How reading fast helps me stay on top of things
What if you could read twice the books in half the time? Would you practise a new skill?
Speed reading is controversial and complicated. But being able to read fast is undoubtedly a useful skill to have, just in case.
I had read a speed reading book when I was in school. That was the last time I intentionally thought about the subject, till yesterday when I was asked to document how I read.
There are a few things from “speed reading” that has helped me to read fast. And then there are a few things that I’ve discovered on my own. I will write about both of them in this post.
Speed reading “official” techniques
These I found in book:
Avoid subvocalization. This was the most important insight. When we read out aloud, we are slowed down by our muscles. When we read “in our mind”, some people tend to mimic the same thing they do when they’re reading aloud. They focus on each syllable and pronounce them fully (in their mind). This is very slow. Instead, we should just look at the word and then move on. This is tricky in the beginning, but our brain adapts very quickly. Once you stop subvocalization, you’ll at least double your reading speed without losing any comprehension.
Don’t bother reading every word. Your eyes can move very fast and your brain can process things even faster. (Think about how a batter faces a spin bowler). Just move from one part of the sentence to another part very quickly. Your brain will adapt to quickly reading the words in between.
Don’t bother reading every sentence. Same as above, but applied to paragraphs. This helps with loose prose where sentences are stuffed into paragraphs with not much new content within each sentence. Sometimes you can just read the beginning and end of a paragraph and make as much sense of it as you would if you read all the sentences.
Auto-scroll. Use a pen or finger to keep your position (so that when your eyes jump they don’t lose context) and also to make you move forward faster. The speed of your finger will determine the speed of your reading. With computers you can do auto-scroll.
Not all sentences/paragraphs/writings are created equally. When reading something there are plenty of sections you can ignore because they’re irrelevant or things that you already know. When you start a paragraph and you know that you agree with the paragraph’s content from the first sentence, you can probably skip the paragraph.

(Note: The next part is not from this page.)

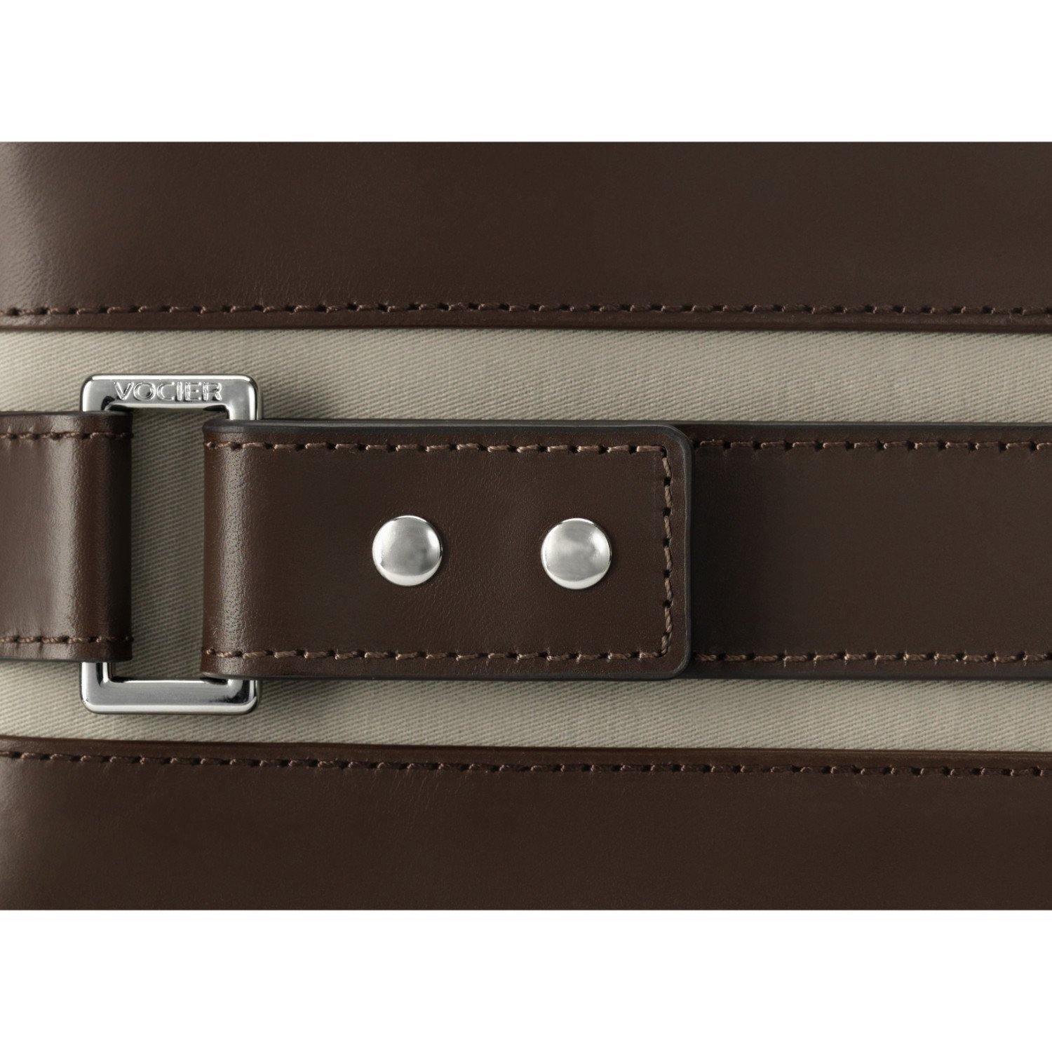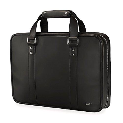 The F25 black leather laptop briefcase is hand-crafted from extremely durable Italian leather that will wear and age beautifully over time. It can accommodate up to 15 laptops in a separate, soft cotton pouch with a protective hood. The ample interior space is finished with a well-organized pocket system, and includes a leather strap with D-ring specifically for safely securing keys while youre traveling. The F25 also has a luggage sleeve that fits snuggly on telescoping luggage handles for secure, hands-free transport. Invisibly tucked behind the luggage sleeve is a small, zippered pocket to discretely stow passport, mobile phone, or other small valuables. Whether dressed-up, or more casual, this classic VOCIER black leather laptop briefcase will enhance any style.

- Think while reading. The above becomes true when we’re actively interacting with the material that we’re reading. Our mind should have a rough idea of what the author might be saying from the title itself. Then, every paragraph becomes one of:
- an idea you already know - which you can skip
- an idea you hadn’t thought about but you understand - which you can quickly read to confirm your understanding
- an idea you disagree with - which you will have to slowly read so that you understand
- not an idea, just fluff - which you can skip
Focus on the new. When I’m reading something, I’m always categorizing stuff and looking for the new ideas (the ones I hadn’t thought about and the ones I disagree with). I slow down and make sure that I assimilate these ideas into my worldview. For the ones I disagree with I might even have to stop reading and come up with a reason why the author might have written it down that way (so that I can still accommodate in my worldview about other people’s worldview).
- Read with purpose. If we read something without a question in our mind, we’re going to be slow and we’re going to be bored. I pick up books only when a review leaves me sufficiently critiqued. I pick up articles only if it sounds like there’s something in it that I do not know. I quickly scan through to find this and finish reading.

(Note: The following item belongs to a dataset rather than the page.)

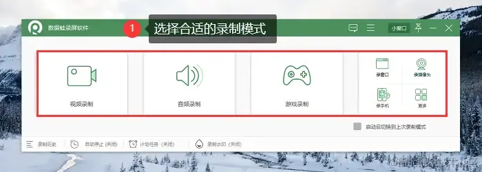 步骤1:双击软件图标或从开始菜单中选择打开,启动软件后,即可看到简洁直观的录制界面,这里可以选择自己需要的录制模式。

In essence, speed reading is about intentional reading. It is about focusing on reading as a way to assimilate information, rather than reading for the sake of reading. And it is about cutting the cruft from our reading behaviour. There’s no controversy or cheating in that.
Footnote: I started writing this blog post using ChatGPT. But then I started feeling nauseated by how different it was from me. So I deleted everything and wrote this myself.